In this context, “match” refers to the high result of the scalar product of the \(q_i\) and \(k_j\).

For each \(j\)-s element of the array that is processed, the vector \((q_i k_1, q_i k_2, \ldots, q_i k_n)\) is computed. The elements which \(k_j\) better matches to the \(q_i\) will be higher.

For a given element, \(x_i\), the vector represents the weights of the matches with all other elements. However, to give the vector the properties of the real weights, it is normalized by dividing into \(\sqrt{d}\) and processed by a softmax function. Note: \(d\) is the dimention of \(q_i\) and \(k_i\).

Finally for weights we got such approach:

\[w_i = softmax \left( \frac{W^qx_i W^kx_1}{\sqrt{d}}, \frac{W^qx_i W^kx_2}{\sqrt{d}}, \ldots, \frac{W^qx_i W^kx_n}{\sqrt{d}} \right)\]

The entire transformation will take the following form:

\[y_i = \left( \frac{W^qx_i W^kx_1}{\sqrt{d}}, \frac{W^qx_i W^kx_2}{\sqrt{d}}, \ldots, \frac{W^qx_i W^kx_n}{\sqrt{d}} \right) W^\nu x_i\]

Matrix representation

The previous description provided more detail, explaining the role of each element in the processed sequence. In practice, however, the entire sequence is handled simultaneously. To reflect this, we will now move on to matrix transformations, which enable processing of the whole sequence with just a few matrix multiplications.

Vectors \(k_i\) and \(q_i\) must be computed for each element of the processed sequence. To do that stack vecticaly sequence element \(x_i \in \mathbb{R^s}, i \in \overline{1,n}\) into matrix \(X = \mathbb{R}^{n \times s}\):

\[\begin{split} X = \left(\begin{array}{c} x_1 \\ x_2 \\ \vdots \\ x_n \end{array}\right) \end{split}\]

Matrix multiplications \(K=XW^k\) and \(Q=XW^q\) will produce exactly \(k_i\) and \(q_i\), \(i=\overline{1,n}\) stacked vertically:

\[\begin{split} Q = XW^q = \left(\begin{array}{c} x_1 W^q\\ x_2 W^q\\ \vdots \\ x_n W^q \end{array}\right) = \left(\begin{array}{c} q_1\\ q_2\\ \vdots \\ q_n \end{array}\right); \end{split}\]

\[\begin{split} K = XW^k = \left(\begin{array}{c} x_1 W^k \\ x_2 W^k \\ \vdots \\ x_n W^k \end{array}\right) = \left(\begin{array}{c} k_1 \\ k_2 \\ \vdots \\ k_n \end{array}\right). \end{split}\]

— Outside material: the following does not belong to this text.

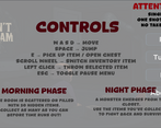- A pretty cool concept and well executed and presented. Some fixable issues design wise (don't find enough items in the day and there's no point playing the night, running backwards while shooting can be frustrating) but it's a good first version that could be iterated on

Just clarifying the dimenions of the obtained matrices \(Q=\mathbb{R}^{n \times d}\), \(K=\mathbb{R}^{n \times d}\).

Now, we need to find all the product combinations of \(q_i\) and \(k_j\) in matrix form:

\[\left(q_ik_j\right)_{n \times n}\]

We make multiplication of form:

\[ \begin{align}\begin{aligned}\begin{split}QK^T = \left(\begin{array}{c} q_1 \\ q_2 \\ \vdots \\ q_n \end{array}\right)\end{split}\\\left(\begin{array}{cccc}k_1 & k_2 & \ldots & k_n\end{array}\right) = \\\begin{split}\left(\begin{array}{cccc} q_1k_1 & q_1k_2 & \dots & q_1k_n \\ q_2k_1 & q_2k_2 & \dots & q_2k_n \\ \vdots & \vdots & \ddots & \vdots \\ q_nk_1 & q_nk_2 & \dots & q_nk_n \end{array}\right) \end{split}\end{aligned}\end{align} \]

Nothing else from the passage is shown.